- **Work order**
Starting with the line that contains "Bri struck a", copy each line exactly through the end of the listing, and omit all pictures.

- **Collected data**
- - -
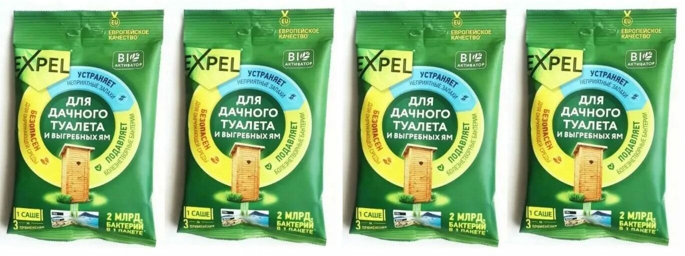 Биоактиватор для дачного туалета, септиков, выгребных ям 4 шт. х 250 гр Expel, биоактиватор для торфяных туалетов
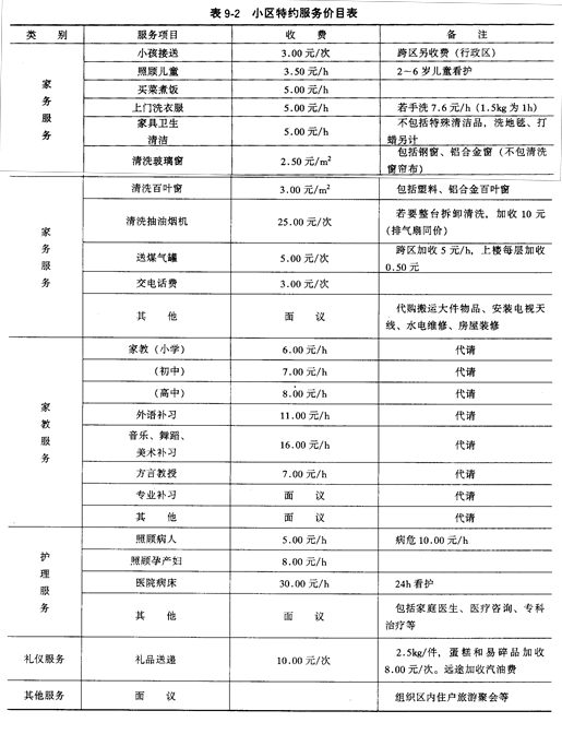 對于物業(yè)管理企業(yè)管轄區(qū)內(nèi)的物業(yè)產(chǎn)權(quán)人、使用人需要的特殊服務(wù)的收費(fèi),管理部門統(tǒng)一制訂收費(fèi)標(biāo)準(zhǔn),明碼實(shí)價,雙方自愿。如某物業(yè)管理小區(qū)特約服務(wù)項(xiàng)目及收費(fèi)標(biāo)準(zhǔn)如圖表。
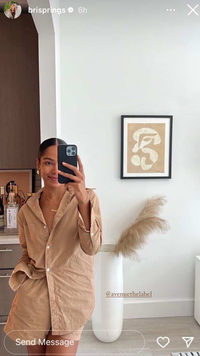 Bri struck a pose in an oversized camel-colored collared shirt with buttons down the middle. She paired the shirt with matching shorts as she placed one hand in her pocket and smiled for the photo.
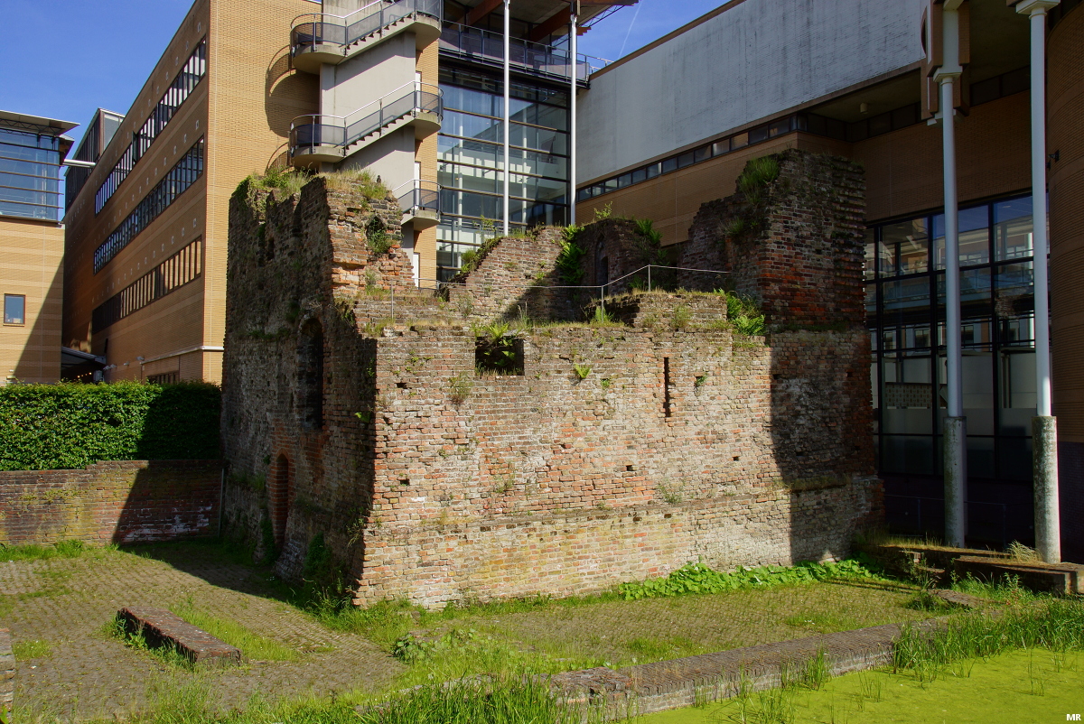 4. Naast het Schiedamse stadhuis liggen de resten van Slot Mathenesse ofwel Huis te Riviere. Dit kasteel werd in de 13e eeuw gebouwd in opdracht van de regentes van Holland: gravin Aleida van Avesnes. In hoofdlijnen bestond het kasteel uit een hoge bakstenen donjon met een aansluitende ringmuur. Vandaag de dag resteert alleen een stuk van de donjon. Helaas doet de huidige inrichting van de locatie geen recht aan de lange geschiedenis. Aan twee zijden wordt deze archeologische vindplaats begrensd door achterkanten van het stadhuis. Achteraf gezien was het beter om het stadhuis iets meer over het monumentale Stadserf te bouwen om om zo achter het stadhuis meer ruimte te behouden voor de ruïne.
- - -
- **Solution**
 Bri struck a pose in an oversized camel-colored collared shirt with buttons down the middle. She paired the shirt with matching shorts as she placed one hand in her pocket and smiled for the photo.
 4. Naast het Schiedamse stadhuis liggen de resten van Slot Mathenesse ofwel Huis te Riviere. Dit kasteel werd in de 13e eeuw gebouwd in opdracht van de regentes van Holland: gravin Aleida van Avesnes. In hoofdlijnen bestond het kasteel uit een hoge bakstenen donjon met een aansluitende ringmuur. Vandaag de dag resteert alleen een stuk van de donjon. Helaas doet de huidige inrichting van de locatie geen recht aan de lange geschiedenis. Aan twee zijden wordt deze archeologische vindplaats begrensd door achterkanten van het stadhuis. Achteraf gezien was het beter om het stadhuis iets meer over het monumentale Stadserf te bouwen om om zo achter het stadhuis meer ruimte te behouden voor de ruïne.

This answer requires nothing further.